Или например при памятовании о дыхании:



> Он тренируется вдыхать, чувствуя всё тело,
> тренируется выдыхать, чувствуя всё тело.
> 
> Sabbakāyapaṭisaṃvedī assasissāmīti sikkhati.
> Sabbakāyapaṭisaṃvedī passasissāmīti sikkhati. 
> (Сатипаттхана сутта)


В этом отрывке говорится о том, чтобы чувствовать _всё тело_, а не только какую-то точку.

----------

Антончик (20.06.2014), Нико (20.06.2014)

----------


## Нико

> Ну Хопкинс для меня не особо авторитет. Тем более что он не единственный переводчик, который кого-то на протяжении многих лет переводил. Вдобавок он нашел английский эквивалент, а не русский. Разница чувствуется? 
> А что касается санскрита и тибетского, так в тибетском нет точного соответствия когда А=Б по отношению к санскриту. И там есть моменты когда некоторые слова в тибетском соотносятся с несколькими разными словами на санскрите.
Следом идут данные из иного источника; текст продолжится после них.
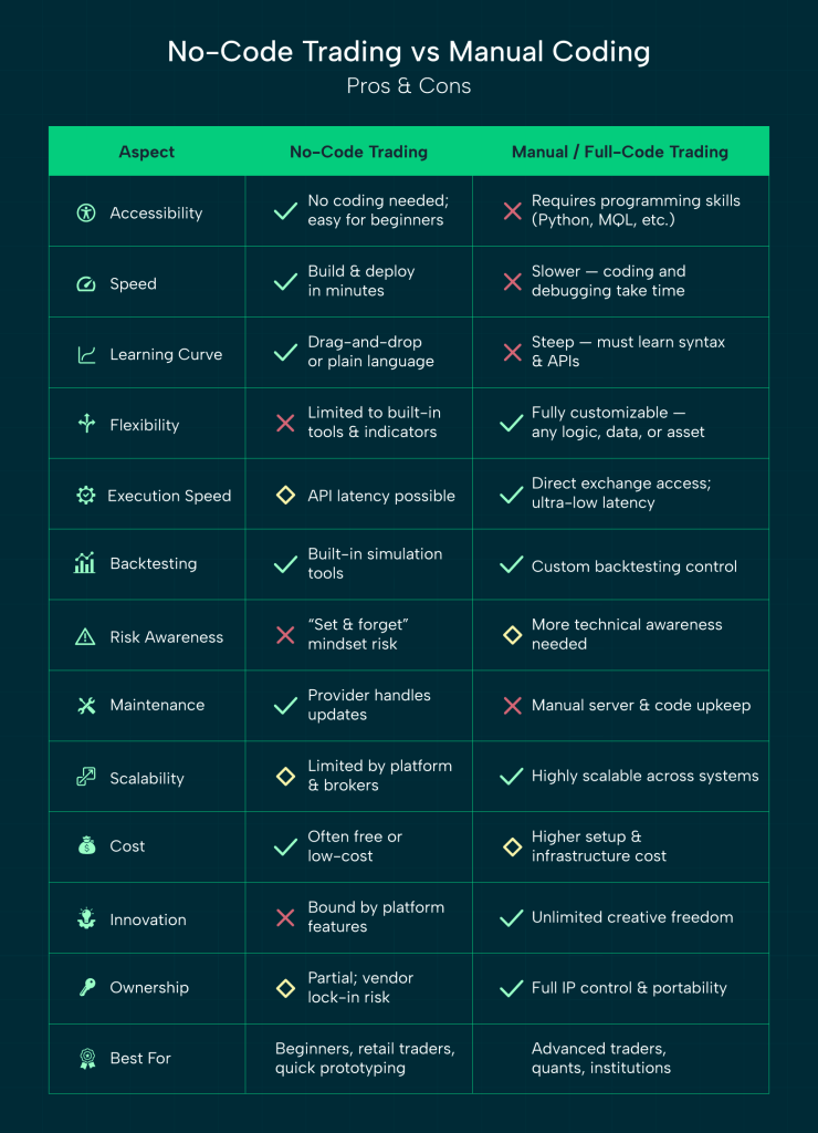 The abstraction that makes no-code easy to use also makes it difficult to troubleshoot when something goes wrong. Users don’t get to see the underlying code that the platform generates. If a trade executes incorrectly, you cannot look through the code line-by-line to find the bug, which is the standard procedure for a developer.
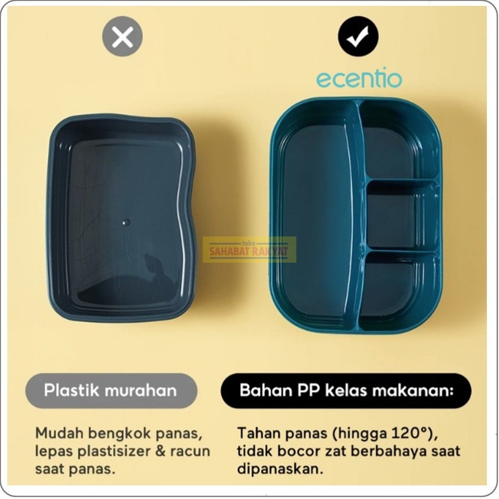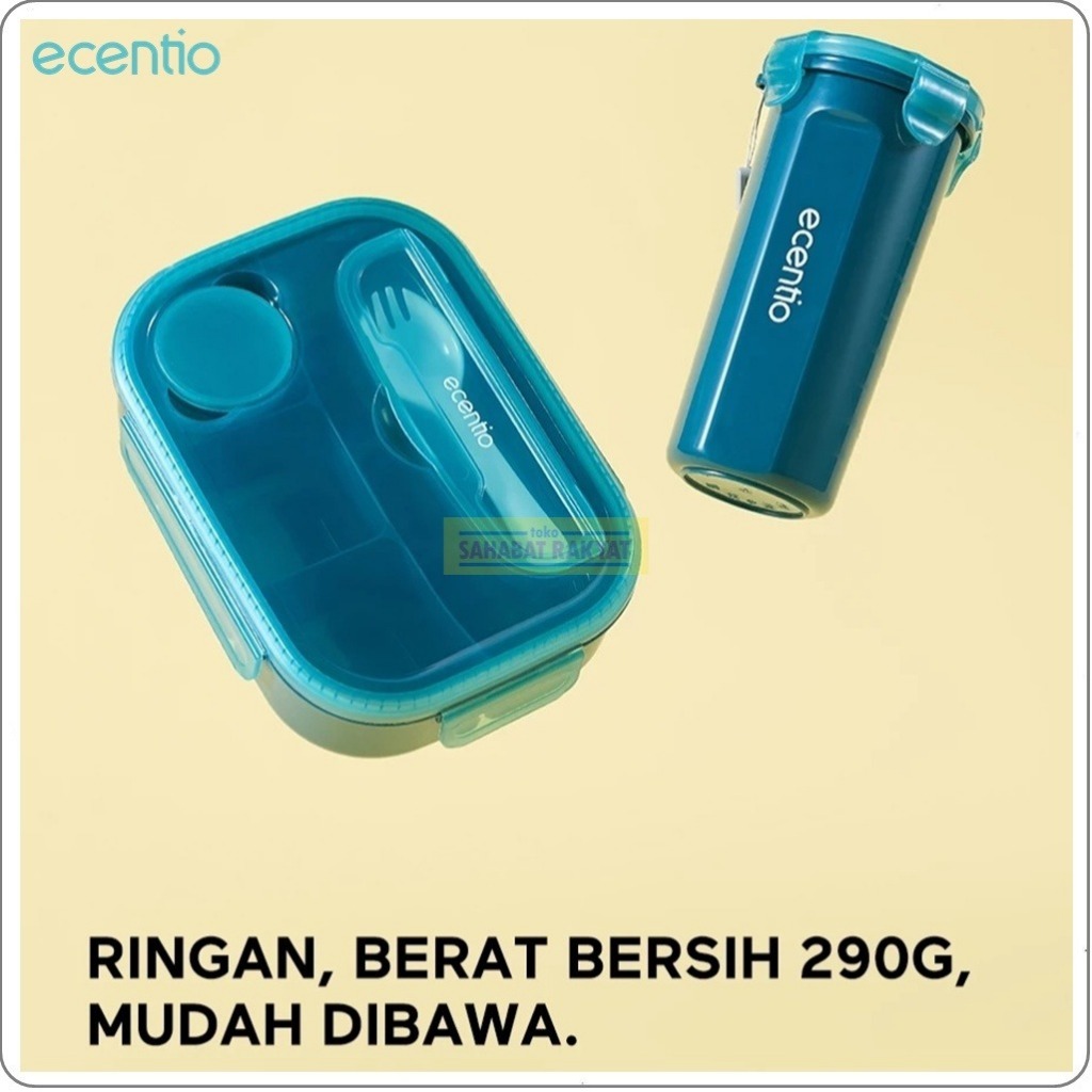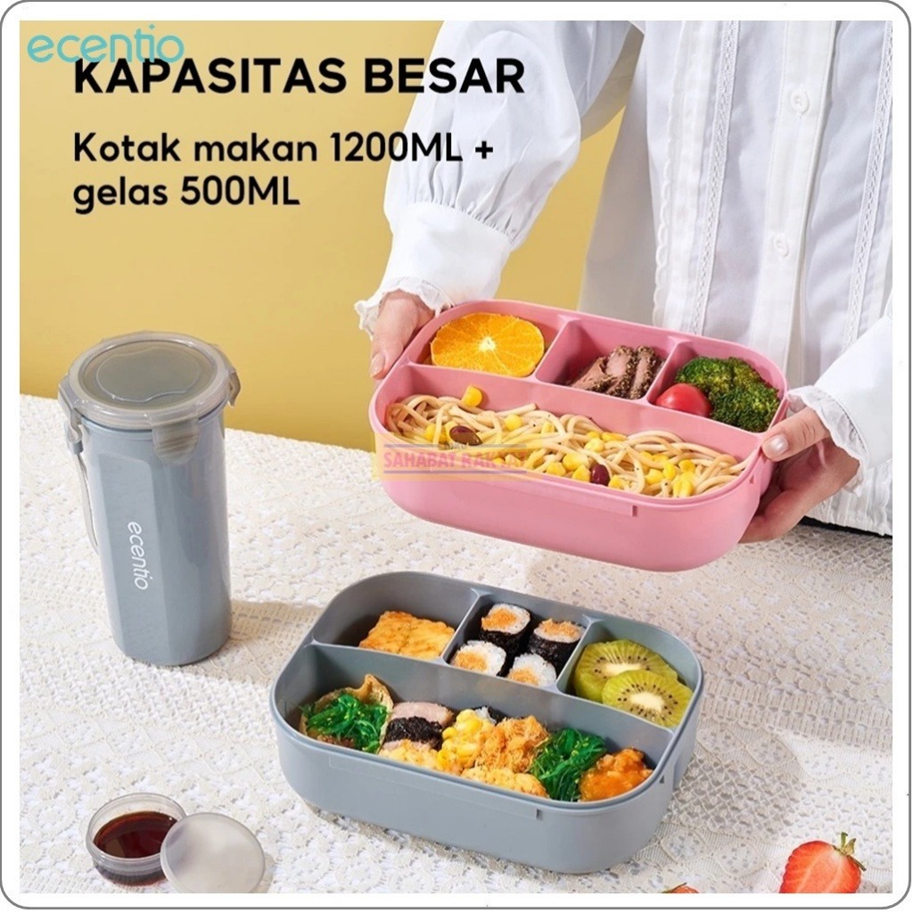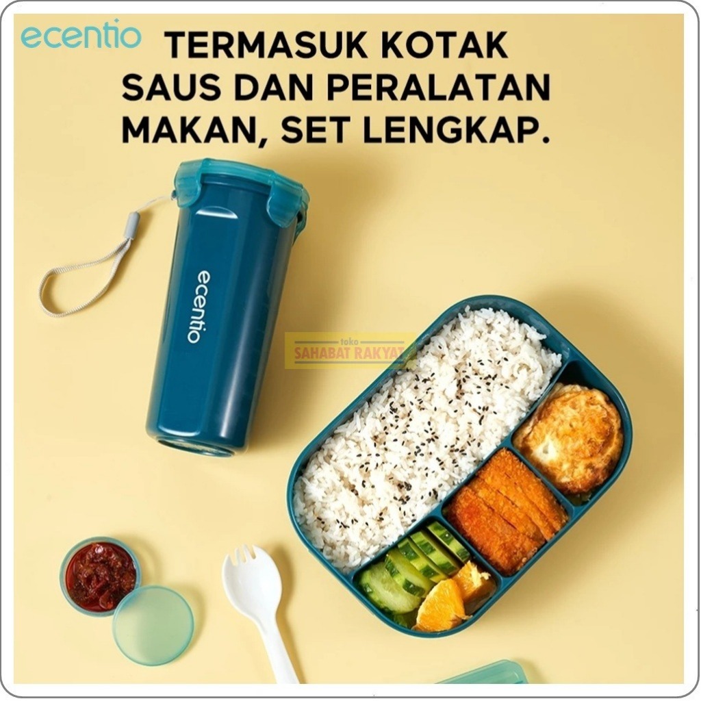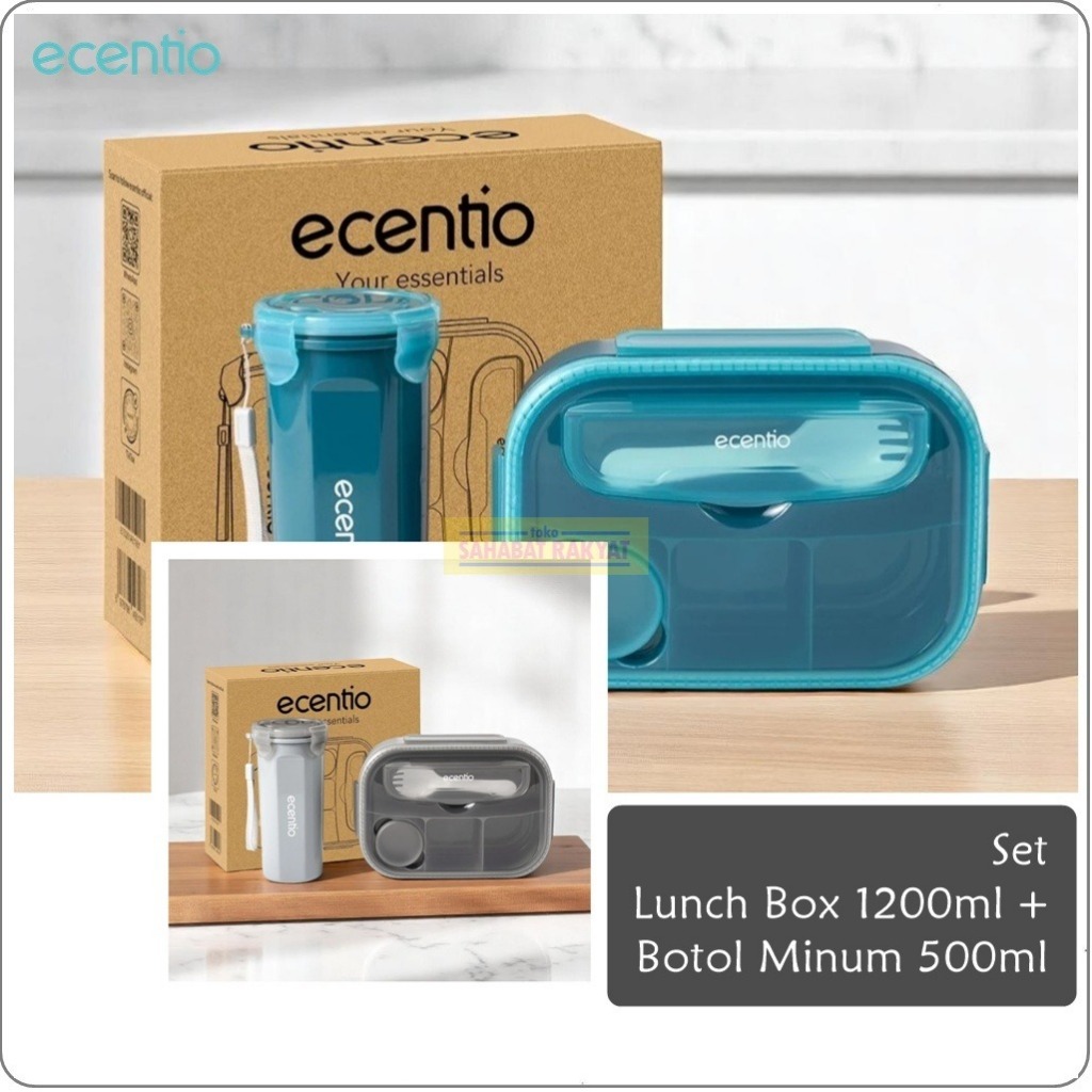 Set Lunch Box 1200Ml + Botol Minum 500Ml Ecentio. Free Sendok & Kotak Saus. Bebas Bpa. Pp Food Grade

Для меня Хопкинс авторитетнее Турмана и Берзина. 12 лет устно переводил ЕСДЛ. Ну а насчёт английских эквивалентов, конечно, он же не владеет русским))). Вот нам бы такое же на русском. И конференции русскоязычных переводчиков тут уместны, только раньше их пробовали затевать в Питере, и всем известно, чем бы это кончилось).

Добавлю, что нынешний переводчик ЕСДЛ Тензин Цепак в терминах ориентируется в основном на Хопкинса.

----------

Цхултрим Тращи (20.06.2014)

----------


## Карма Палджор

> Для меня Хопкинс авторитетнее Турмана и Берзина. 12 лет устно переводил ЕСДЛ. Ну а насчёт английских эквивалентов, конечно, он же не владеет русским))). Вот нам бы такое же на русском. И конференции русскоязычных переводчиков тут уместны, только раньше их пробовали затевать в Питере, и всем известно, чем бы это кончилось).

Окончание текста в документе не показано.